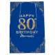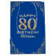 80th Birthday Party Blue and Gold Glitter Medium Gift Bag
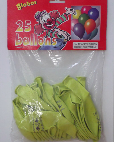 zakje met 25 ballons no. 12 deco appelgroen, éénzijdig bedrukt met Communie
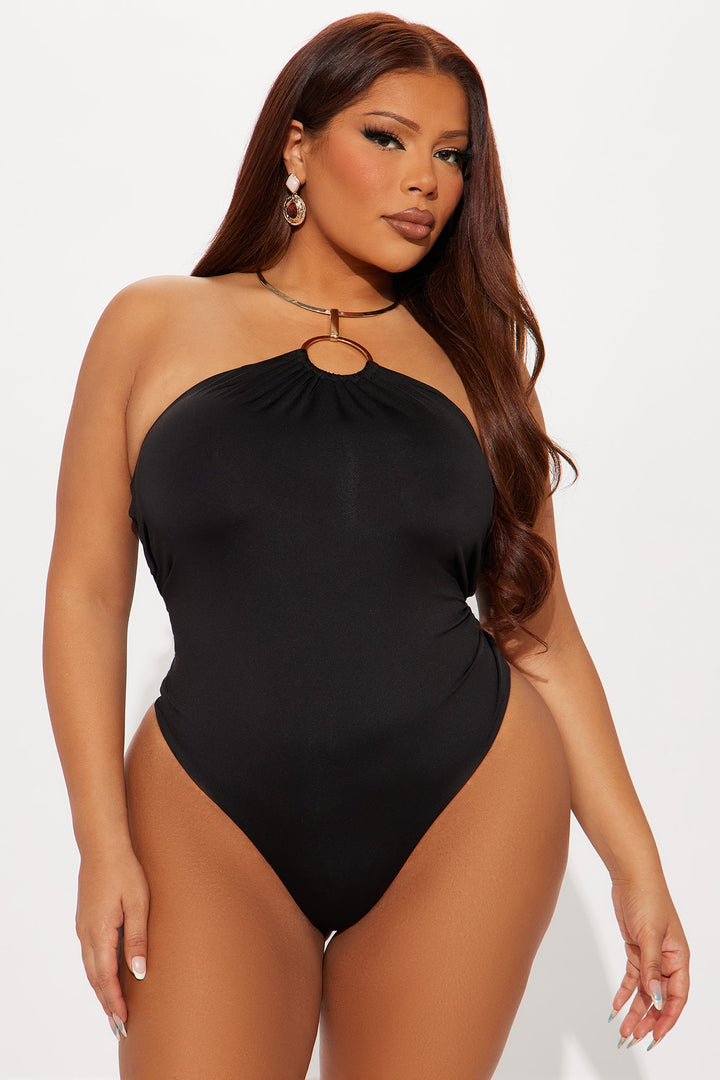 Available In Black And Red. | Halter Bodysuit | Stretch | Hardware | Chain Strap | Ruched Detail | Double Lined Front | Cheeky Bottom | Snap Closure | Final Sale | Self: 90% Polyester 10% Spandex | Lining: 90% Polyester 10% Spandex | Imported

**Task instructions**
Print the material word for word; images are to be left out.

**Answer below**
 80th Birthday Party Blue and Gold Glitter Medium Gift Bag
 zakje met 25 ballons no. 12 deco appelgroen, éénzijdig bedrukt met Communie
 Available In Black And Red. | Halter Bodysuit | Stretch | Hardware | Chain Strap | Ruched Detail | Double Lined Front | Cheeky Bottom | Snap Closure | Final Sale | Self: 90% Polyester 10% Spandex | Lining: 90% Polyester 10% Spandex | Imported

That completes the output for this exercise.